**Supplied information:**
+===+
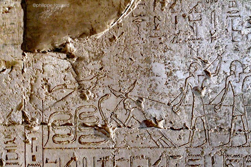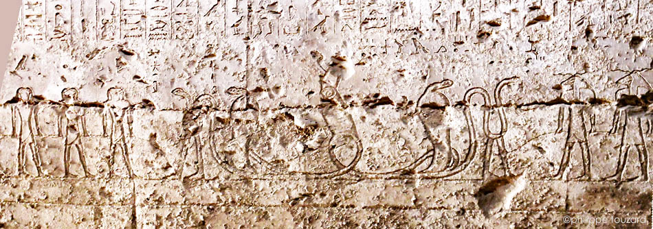 Sur le registre inférieur, Khepri est représenté sous forme d'un serpent qui se déplace grace à deux groupes de personnages. (voir ci-dessous)
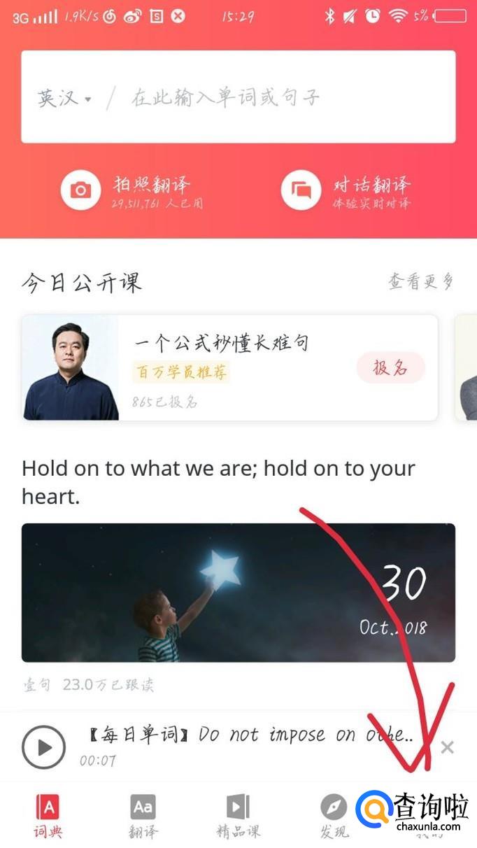 首先打开网易有道词典这个app,如图1所示。进入网易有道词典后,会出现一个新的界面,如图2所示。
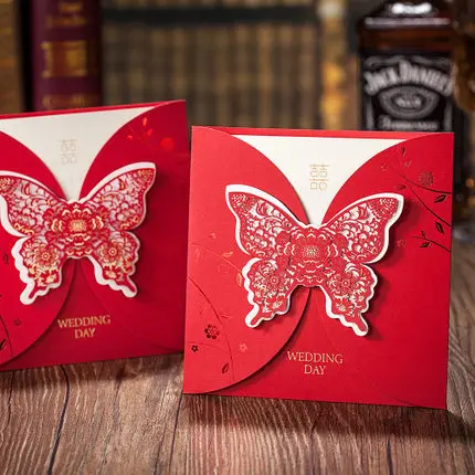 Asian Themed Red Color Double Happiness 3d Butterfly Wedding
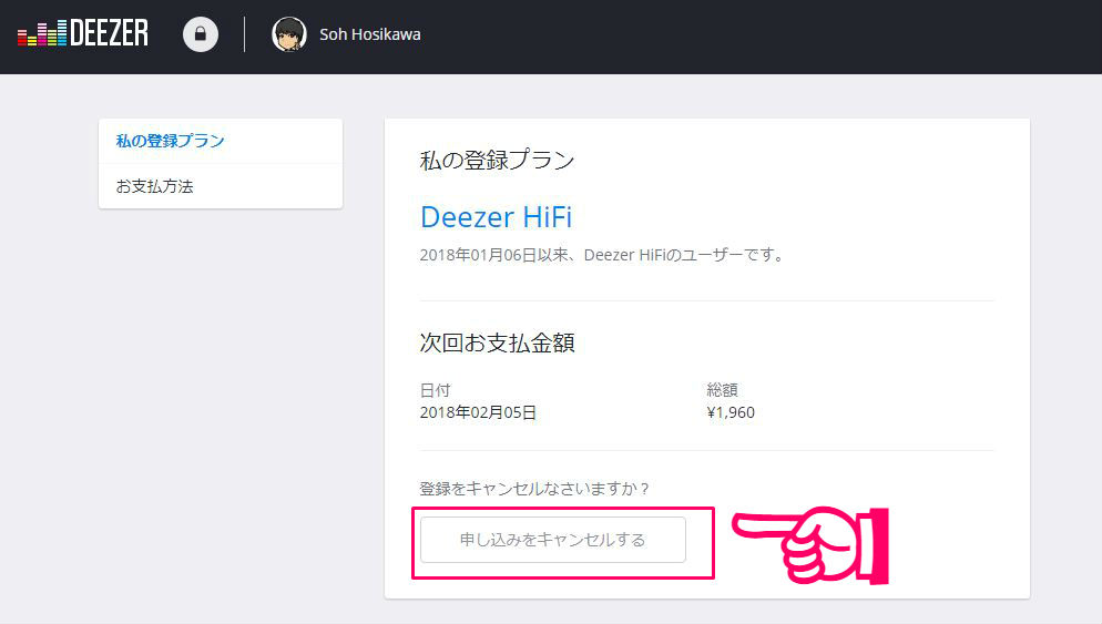 そして「申し込みをキャンセルする」をクリックすればOK!
+===+
**Problem description:** Your task is to repeat exactly the lines from the one containing "Asian Themed Red" through the end of the material, both included, and only those, without pictures.

**Your response:**
 Asian Themed Red Color Double Happiness 3d Butterfly Wedding
 そして「申し込みをキャンセルする」をクリックすればOK!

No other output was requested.